— Work required —
Entries below include pictures. Output exactly the lines from the one with "The DR Congo" down to the one with "Едем на экскурсию", both ends included, and leave the pictures out.

— Data records —
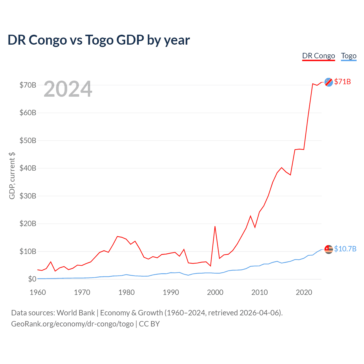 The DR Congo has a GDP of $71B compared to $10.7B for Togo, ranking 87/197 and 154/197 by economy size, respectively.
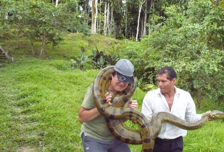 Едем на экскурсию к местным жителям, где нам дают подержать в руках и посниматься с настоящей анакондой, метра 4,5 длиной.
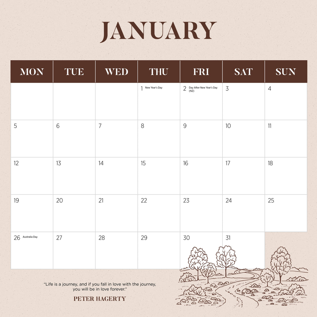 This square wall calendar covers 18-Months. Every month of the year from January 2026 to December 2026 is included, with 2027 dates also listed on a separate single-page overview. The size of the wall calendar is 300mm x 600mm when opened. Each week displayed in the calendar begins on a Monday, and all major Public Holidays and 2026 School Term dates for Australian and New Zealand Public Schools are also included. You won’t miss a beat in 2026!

...

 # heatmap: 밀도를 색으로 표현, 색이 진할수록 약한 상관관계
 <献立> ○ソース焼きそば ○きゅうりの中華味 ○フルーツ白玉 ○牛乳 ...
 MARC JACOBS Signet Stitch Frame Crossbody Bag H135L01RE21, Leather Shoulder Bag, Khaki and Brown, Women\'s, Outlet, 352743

...

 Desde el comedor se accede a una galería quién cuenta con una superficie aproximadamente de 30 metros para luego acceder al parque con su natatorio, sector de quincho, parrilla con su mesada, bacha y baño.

— Solution —
 The DR Congo has a GDP of $71B compared to $10.7B for Togo, ranking 87/197 and 154/197 by economy size, respectively.
 Едем на экскурсию к местным жителям, где нам дают подержать в руках и посниматься с настоящей анакондой, метра 4,5 длиной.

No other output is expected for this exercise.